I was under the impression that the 1 barrel carb footprint pattern was a standard across multiple Ford engines, going back from the flathead sixes to the 80s truck engines.

I dont claim to be an expert or even very knowledgable, but at the very least, I've never seen mention of the Carter YFs having different sizes for different engines, which is what your problem implies to me should also be true.
The 240 intake has a narrower carb bolt pattern than the 300. The original YF carbs look the same 240/300. They are not. They do not interchange without modifying the hole spacing in the carb. (Ask me how I know!) :rolleyes:
 
Interesting to know. Why would Ford do this? I love my blue oval, but I swear it's like for every good decision they make, they deliberately make three bad ones.

Which size do the smaller sixes use? The 240 style or 300 style? Or do they also have their own?
 
How is it running with the single barrel TBI? How's power? Economy?

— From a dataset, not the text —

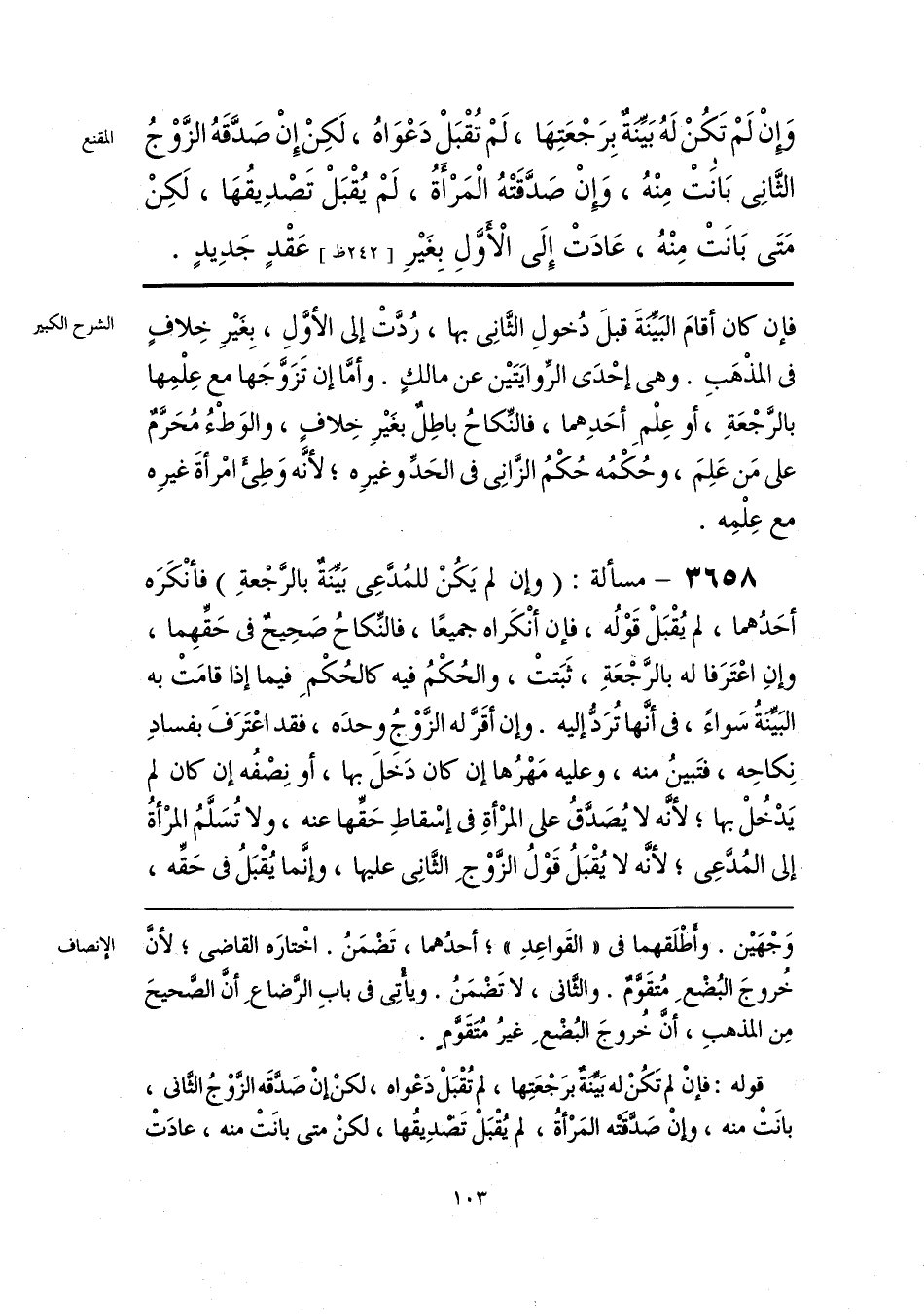 وَإنْ لَمْ تَكُنْ لَهُ بَيِّنَةٌ بِرَجْعَتِهَا, لَمْ تُقْبَلْ دَعْوَاهُ، لَكِنْ إِنْ صَدَّقَهُ الزَّوْجُ الثَّانِي بَانَتْ مِنْهُ، وَإِنْ صَدَّقَتْهُ الْمَرْأةُ، لَمْ يُقْبَلْ تَصْدِيقُهَا، لَكِنْ مَتَى بَانَتْ مِنْهُ، عَادَتْ إِلَى الأوَّلِ بِغَيرِ عَقْدٍ جَدِيدٍ.

Running _pretty_ good. Two exceptions:

1) does not like to "lug" if you are at ~1000 to ~1500 RPM and put your foot down it will stumble. I can work with this, just shift up and let it rev or put in less throttle.
2) Russian roulette starting. Most times starts right up. Some times it fires and then dies. I have to use the flood clear mode and screw around with it until it will finally start. This is a pain in the behind.

Power is a little better than with the carb. The going up the hill coming home on the carb would top out at barely 55mph, now it can do ~60mph.

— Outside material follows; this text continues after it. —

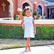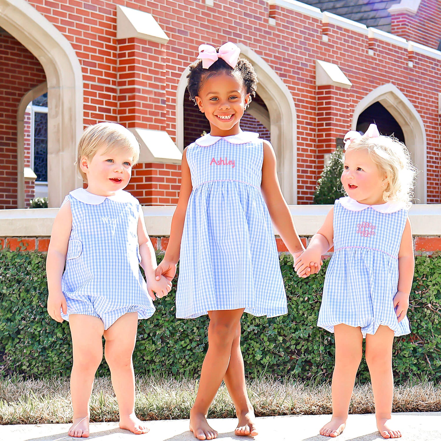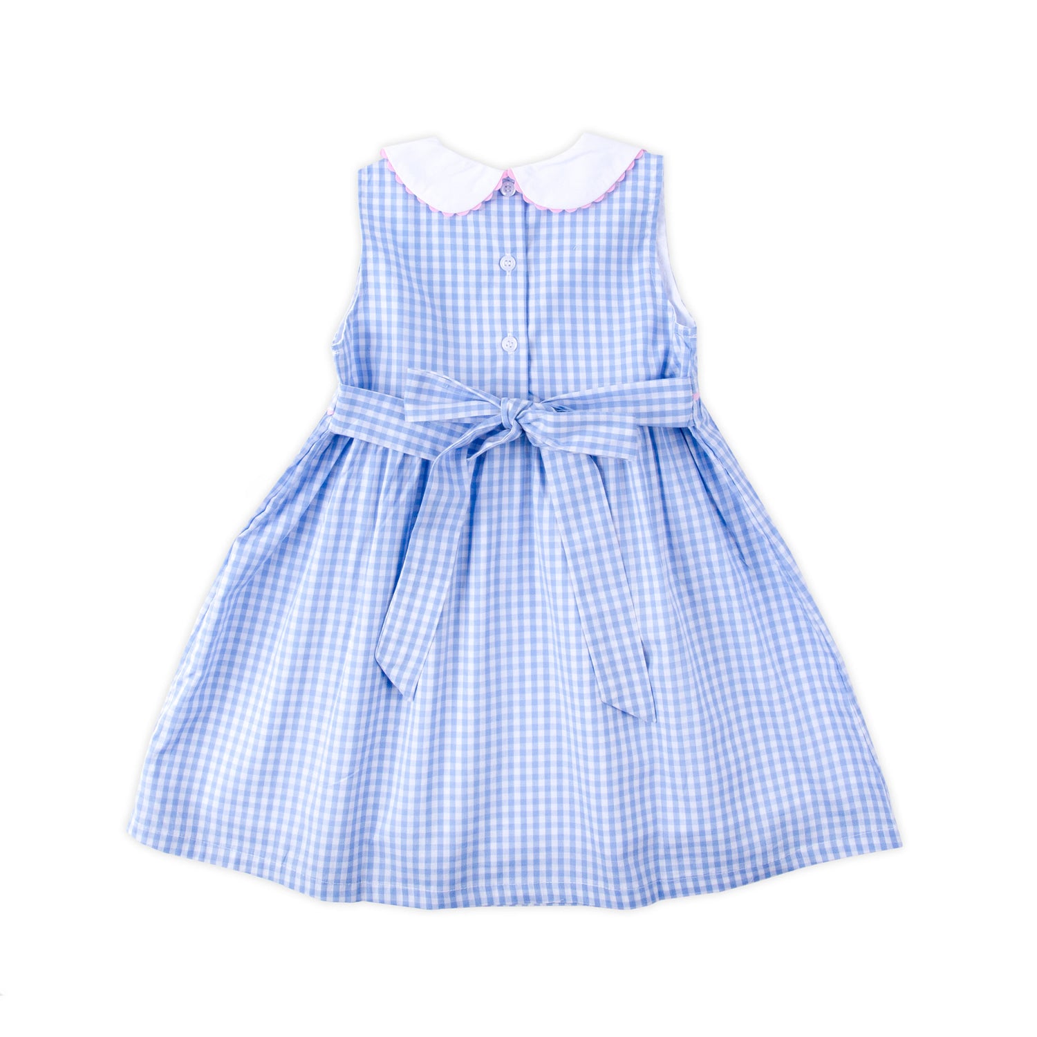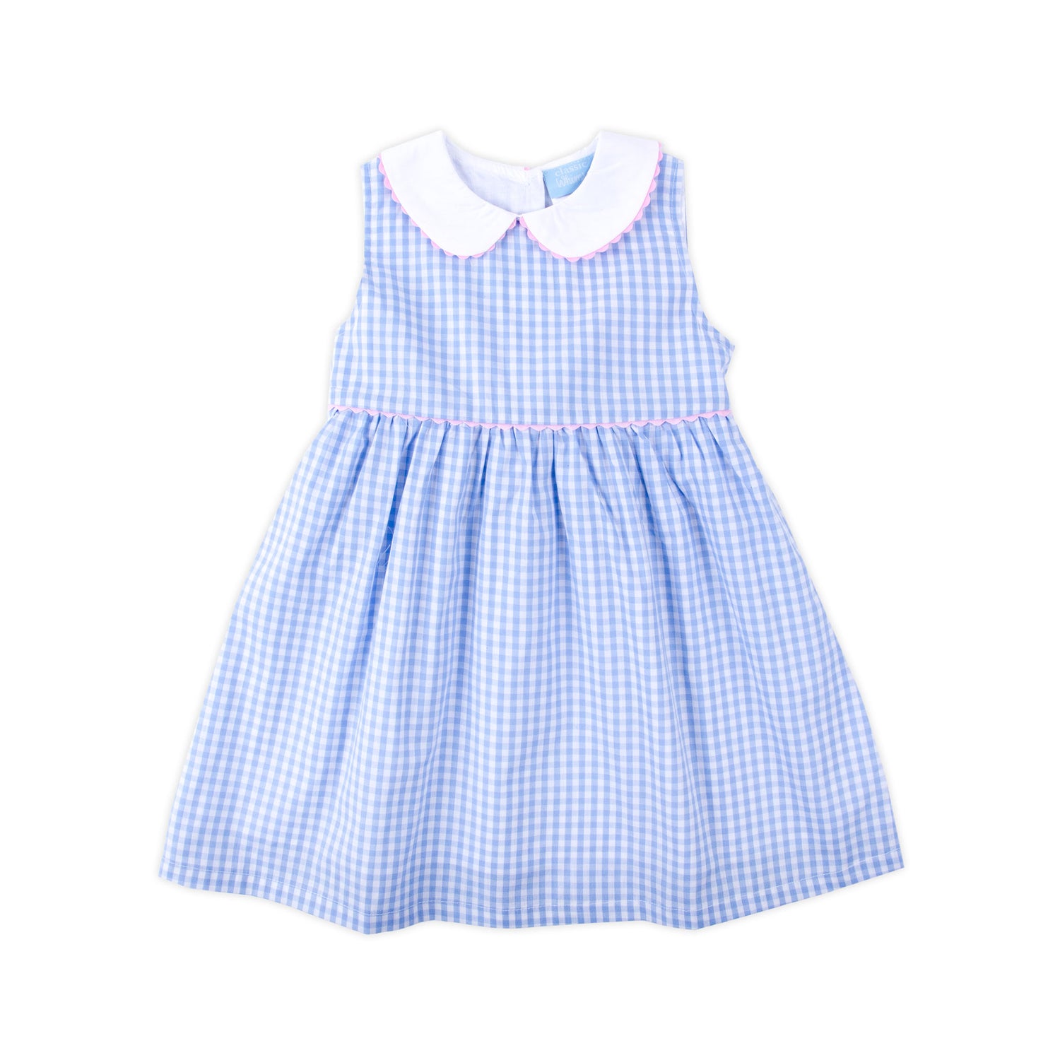 This Light Blue Gingham Heidi Dress is a stylish and comfortable choice for any sunny day. The sleeveless design features a light blue gingham fabric and a solid white collar accented with pink ric-rac trim. Add a monogram for a personalized touch!

Economy is 15.5mpg consistently - not a lot of change from the carb, but I also do not have solid mileage data from when the carb was on it.

I need to get in the mood, resurrect my "car laptop" and mess around with the tuning, trying to fix those two problems.

Since both of those happen at low RPM, I have started to wonder if the rotor phasing is a possible issue. On the other hand, it will idle happily for hours, so how far could the rotor phase be out?
 
Running _pretty_ good. Two exceptions:

1) does not like to "lug" if you are at ~1000 to ~1500 RPM and put your foot down it will stumble. I can work with this, just shift up and let it rev or put in less throttle.
2) Russian roulette starting. Most times starts right up. Some times it fires and then dies. I have to use the flood clear mode and screw around with it until it will finally start. This is a pain in the behind.

Power is a little better than with the carb. The going up the hill coming home on the carb would top out at barely 55mph, now it can do ~60mph.

Economy is 15.5mpg consistently - not a lot of change from the carb, but I also do not have solid mileage data from when the carb was on it.

I need to get in the mood, resurrect my "car laptop" and mess around with the tuning, trying to fix those two problems.

Since both of those happen at low RPM, I have started to wonder if the rotor phasing is a possible issue. On the other hand, it will idle happily for hours, so how far could the rotor phase be out?
Thanks for the update. I'm going to propose a potential contributing factor to the inability to lug. It may not be the full reason but can not be dismissed, it is a reality with TBI:
The TBI does not atomize the fuel. It's just squirted in under pressure and has to get broken up by the airstream as it tumbles along. A carb is vacuuming the fuel, and stripping it apart with a high velocity stream of air as it enters. With TBI at low speeds the fuel is not reaching the cylinders because it's not suspended in small enough pieces for the low velocity air to carry it. If you have an AFR gauge, note if the engine reads lean when it's struggling at low rpm. Also, if it goes way rich momentarily after it smooths out from one of these stumbles, that would verify that raw fuel was present in the runners, causing the stumble. Carbs with a cold intake do this also.
Every time Engine Masters tests a TBI system against a carb, the carb wins every time. The carb has better max power, and they think the reason is because the TBI has much worse cylinder-to-cylinder distribution. The mixture variation between cylinders is terrible with TBI- worse than a carb's distribution without exception or engine configuration.